*Task objective*: Below are entries with pictures in them. Output exactly the lines starting at the line with "Rub the pork" and ending at the line with "೩೭ನೇ ರಸ್ತೆ ಸುರಕ್ಷತಾ", both included, but not the pictures.

*Records shown*:

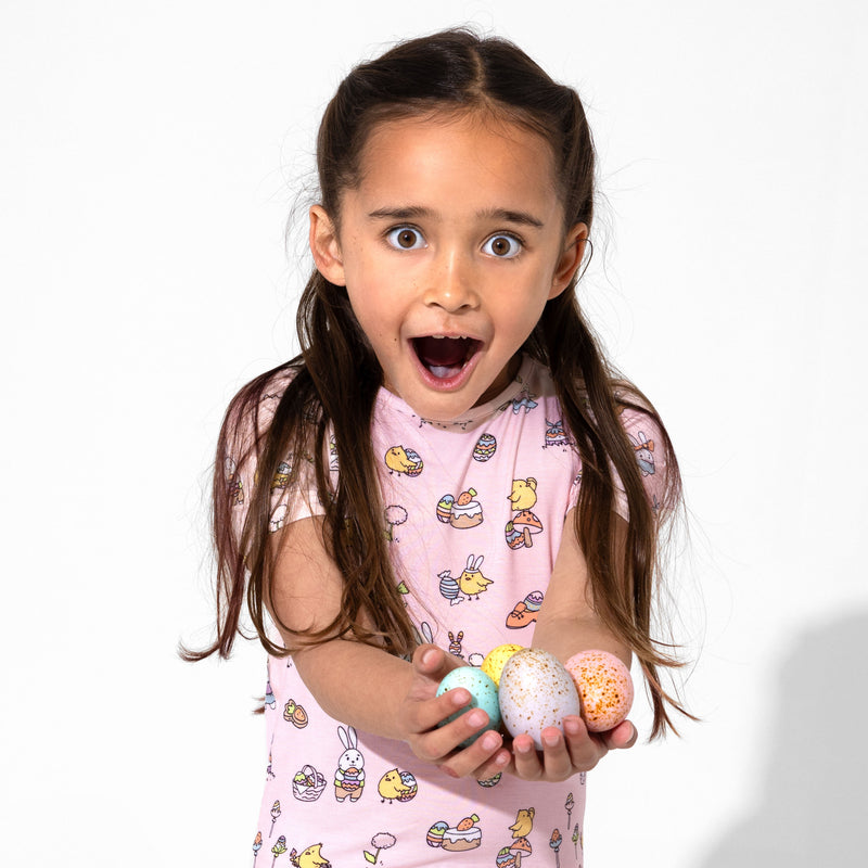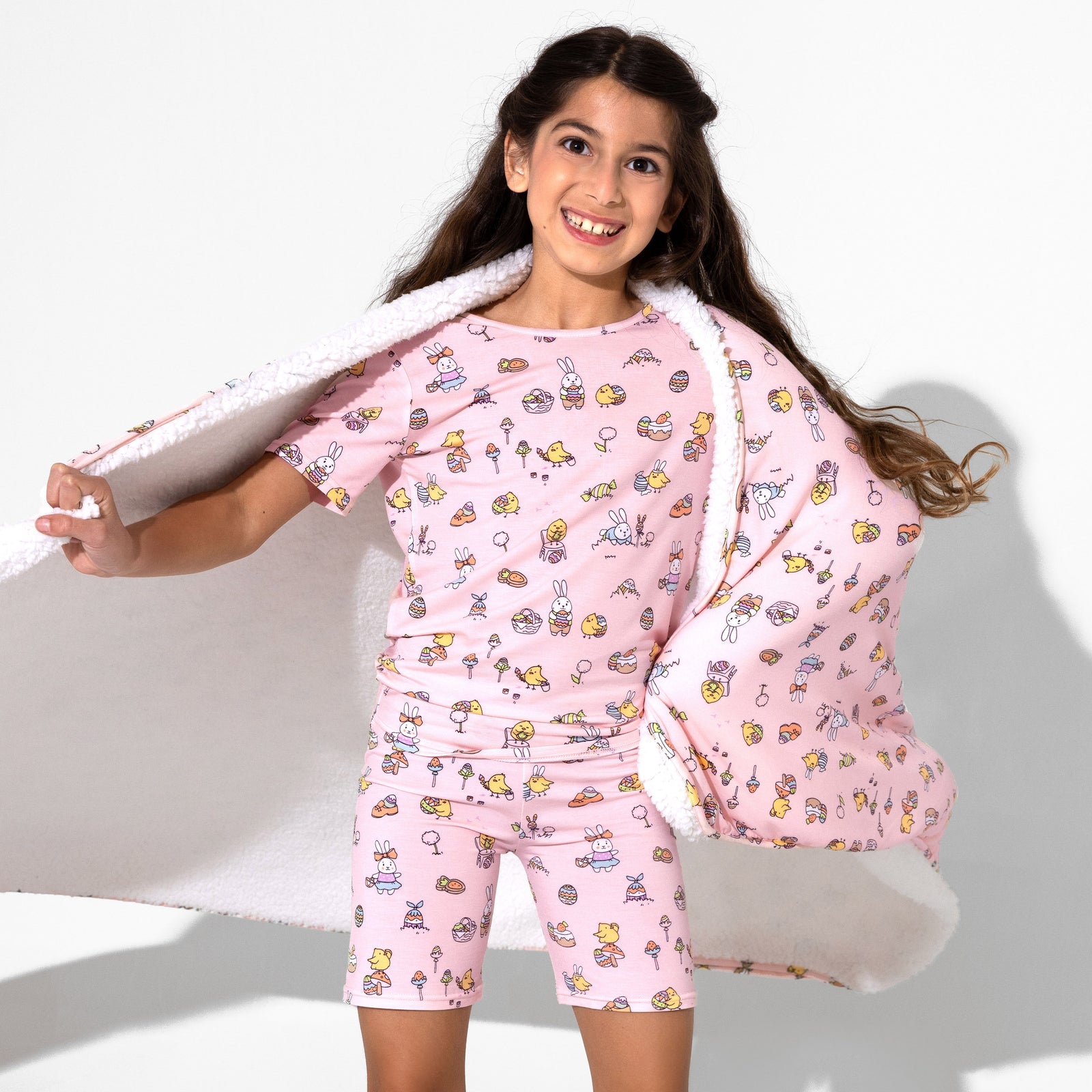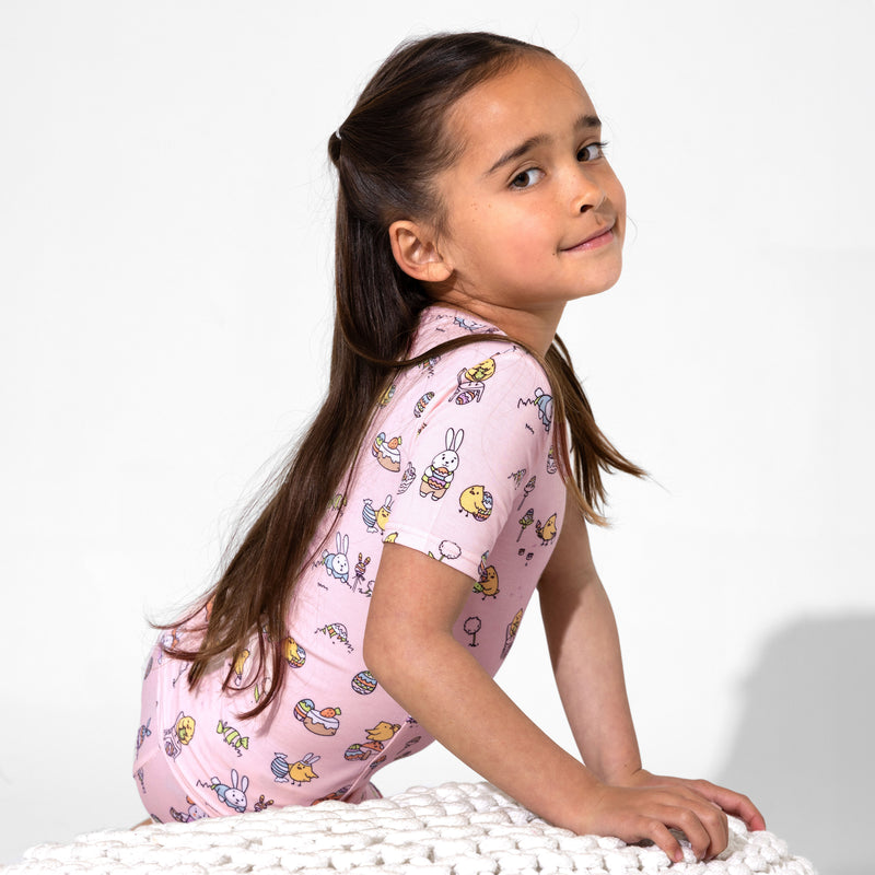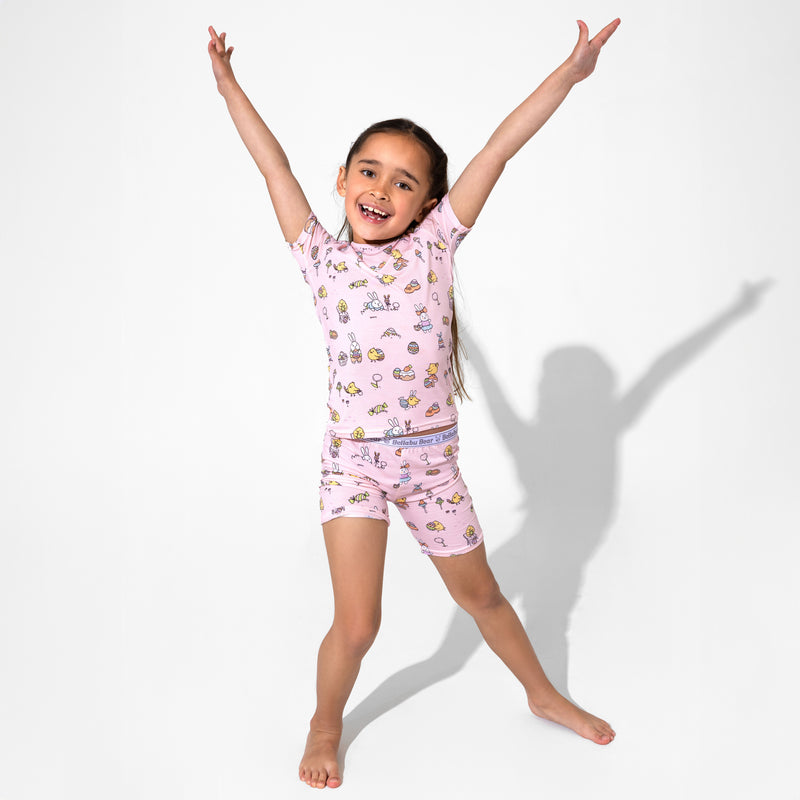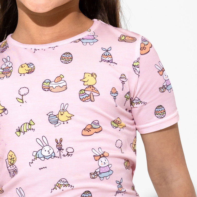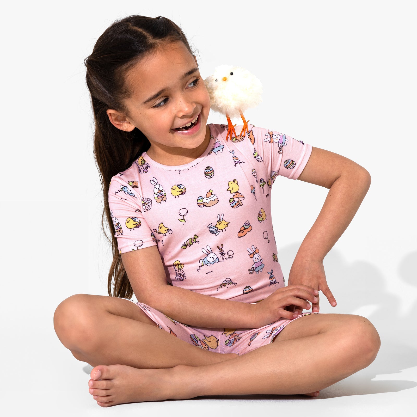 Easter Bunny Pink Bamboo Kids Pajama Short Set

...

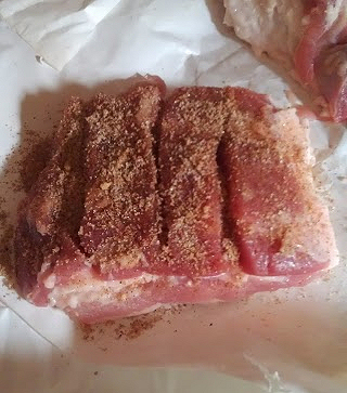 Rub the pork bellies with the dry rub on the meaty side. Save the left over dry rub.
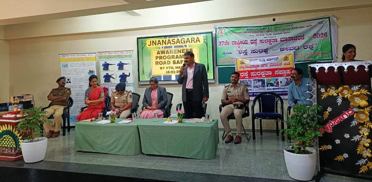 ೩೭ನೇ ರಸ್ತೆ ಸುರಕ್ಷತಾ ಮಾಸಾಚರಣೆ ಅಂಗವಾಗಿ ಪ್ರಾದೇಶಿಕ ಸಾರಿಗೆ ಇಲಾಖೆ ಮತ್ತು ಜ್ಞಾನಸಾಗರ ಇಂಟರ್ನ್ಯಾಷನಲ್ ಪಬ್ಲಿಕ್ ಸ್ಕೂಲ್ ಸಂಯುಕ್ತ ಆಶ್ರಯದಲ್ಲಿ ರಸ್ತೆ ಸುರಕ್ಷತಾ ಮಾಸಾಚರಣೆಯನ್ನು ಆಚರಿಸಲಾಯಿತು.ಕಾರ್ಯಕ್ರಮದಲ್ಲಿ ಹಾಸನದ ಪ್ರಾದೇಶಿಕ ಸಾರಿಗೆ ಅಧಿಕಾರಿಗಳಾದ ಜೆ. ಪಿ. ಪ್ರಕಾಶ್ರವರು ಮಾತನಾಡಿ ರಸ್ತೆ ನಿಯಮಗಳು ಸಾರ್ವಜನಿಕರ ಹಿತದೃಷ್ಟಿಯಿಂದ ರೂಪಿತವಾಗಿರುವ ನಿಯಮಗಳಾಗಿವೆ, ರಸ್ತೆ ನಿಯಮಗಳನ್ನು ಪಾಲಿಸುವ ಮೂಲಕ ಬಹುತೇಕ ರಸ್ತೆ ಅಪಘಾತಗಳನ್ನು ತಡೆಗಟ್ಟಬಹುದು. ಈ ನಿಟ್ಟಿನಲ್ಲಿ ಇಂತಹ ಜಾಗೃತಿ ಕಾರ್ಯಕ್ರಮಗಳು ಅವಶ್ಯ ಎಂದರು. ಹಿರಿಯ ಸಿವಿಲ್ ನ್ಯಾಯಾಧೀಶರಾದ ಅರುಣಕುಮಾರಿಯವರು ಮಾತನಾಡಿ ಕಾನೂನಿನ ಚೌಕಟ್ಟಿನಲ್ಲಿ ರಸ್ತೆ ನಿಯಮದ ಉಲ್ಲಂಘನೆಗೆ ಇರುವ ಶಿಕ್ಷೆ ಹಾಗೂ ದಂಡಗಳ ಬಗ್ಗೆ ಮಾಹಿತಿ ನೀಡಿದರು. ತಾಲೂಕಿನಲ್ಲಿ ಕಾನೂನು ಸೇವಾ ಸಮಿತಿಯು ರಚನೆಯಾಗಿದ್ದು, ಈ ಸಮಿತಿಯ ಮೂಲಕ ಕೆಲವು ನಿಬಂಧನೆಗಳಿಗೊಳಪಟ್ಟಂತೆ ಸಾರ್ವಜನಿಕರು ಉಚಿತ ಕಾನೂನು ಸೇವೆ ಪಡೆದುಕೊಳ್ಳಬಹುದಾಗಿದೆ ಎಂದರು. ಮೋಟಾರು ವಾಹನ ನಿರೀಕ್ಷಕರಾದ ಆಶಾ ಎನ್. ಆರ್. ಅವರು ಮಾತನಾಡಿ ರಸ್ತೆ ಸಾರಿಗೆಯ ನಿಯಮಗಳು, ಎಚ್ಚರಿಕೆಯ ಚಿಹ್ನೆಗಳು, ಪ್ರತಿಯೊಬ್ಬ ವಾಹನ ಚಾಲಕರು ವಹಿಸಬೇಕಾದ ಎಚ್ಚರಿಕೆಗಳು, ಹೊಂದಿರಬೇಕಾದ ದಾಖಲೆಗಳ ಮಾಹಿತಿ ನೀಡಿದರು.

==

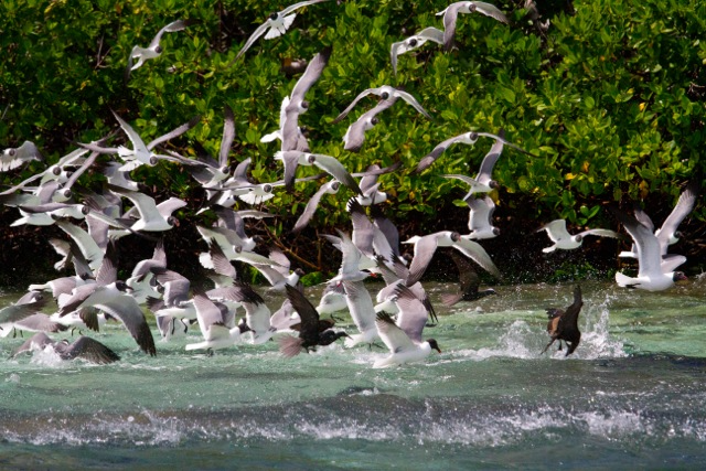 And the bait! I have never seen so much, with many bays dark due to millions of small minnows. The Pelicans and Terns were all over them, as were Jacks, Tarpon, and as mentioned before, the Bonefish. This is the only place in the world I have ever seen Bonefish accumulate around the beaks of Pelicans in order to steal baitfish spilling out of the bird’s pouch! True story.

*Response to this task*:
 Rub the pork bellies with the dry rub on the meaty side. Save the left over dry rub.
 ೩೭ನೇ ರಸ್ತೆ ಸುರಕ್ಷತಾ ಮಾಸಾಚರಣೆ ಅಂಗವಾಗಿ ಪ್ರಾದೇಶಿಕ ಸಾರಿಗೆ ಇಲಾಖೆ ಮತ್ತು ಜ್ಞಾನಸಾಗರ ಇಂಟರ್ನ್ಯಾಷನಲ್ ಪಬ್ಲಿಕ್ ಸ್ಕೂಲ್ ಸಂಯುಕ್ತ ಆಶ್ರಯದಲ್ಲಿ ರಸ್ತೆ ಸುರಕ್ಷತಾ ಮಾಸಾಚರಣೆಯನ್ನು ಆಚರಿಸಲಾಯಿತು.ಕಾರ್ಯಕ್ರಮದಲ್ಲಿ ಹಾಸನದ ಪ್ರಾದೇಶಿಕ ಸಾರಿಗೆ ಅಧಿಕಾರಿಗಳಾದ ಜೆ. ಪಿ. ಪ್ರಕಾಶ್ರವರು ಮಾತನಾಡಿ ರಸ್ತೆ ನಿಯಮಗಳು ಸಾರ್ವಜನಿಕರ ಹಿತದೃಷ್ಟಿಯಿಂದ ರೂಪಿತವಾಗಿರುವ ನಿಯಮಗಳಾಗಿವೆ, ರಸ್ತೆ ನಿಯಮಗಳನ್ನು ಪಾಲಿಸುವ ಮೂಲಕ ಬಹುತೇಕ ರಸ್ತೆ ಅಪಘಾತಗಳನ್ನು ತಡೆಗಟ್ಟಬಹುದು. ಈ ನಿಟ್ಟಿನಲ್ಲಿ ಇಂತಹ ಜಾಗೃತಿ ಕಾರ್ಯಕ್ರಮಗಳು ಅವಶ್ಯ ಎಂದರು. ಹಿರಿಯ ಸಿವಿಲ್ ನ್ಯಾಯಾಧೀಶರಾದ ಅರುಣಕುಮಾರಿಯವರು ಮಾತನಾಡಿ ಕಾನೂನಿನ ಚೌಕಟ್ಟಿನಲ್ಲಿ ರಸ್ತೆ ನಿಯಮದ ಉಲ್ಲಂಘನೆಗೆ ಇರುವ ಶಿಕ್ಷೆ ಹಾಗೂ ದಂಡಗಳ ಬಗ್ಗೆ ಮಾಹಿತಿ ನೀಡಿದರು. ತಾಲೂಕಿನಲ್ಲಿ ಕಾನೂನು ಸೇವಾ ಸಮಿತಿಯು ರಚನೆಯಾಗಿದ್ದು, ಈ ಸಮಿತಿಯ ಮೂಲಕ ಕೆಲವು ನಿಬಂಧನೆಗಳಿಗೊಳಪಟ್ಟಂತೆ ಸಾರ್ವಜನಿಕರು ಉಚಿತ ಕಾನೂನು ಸೇವೆ ಪಡೆದುಕೊಳ್ಳಬಹುದಾಗಿದೆ ಎಂದರು. ಮೋಟಾರು ವಾಹನ ನಿರೀಕ್ಷಕರಾದ ಆಶಾ ಎನ್. ಆರ್. ಅವರು ಮಾತನಾಡಿ ರಸ್ತೆ ಸಾರಿಗೆಯ ನಿಯಮಗಳು, ಎಚ್ಚರಿಕೆಯ ಚಿಹ್ನೆಗಳು, ಪ್ರತಿಯೊಬ್ಬ ವಾಹನ ಚಾಲಕರು ವಹಿಸಬೇಕಾದ ಎಚ್ಚರಿಕೆಗಳು, ಹೊಂದಿರಬೇಕಾದ ದಾಖಲೆಗಳ ಮಾಹಿತಿ ನೀಡಿದರು.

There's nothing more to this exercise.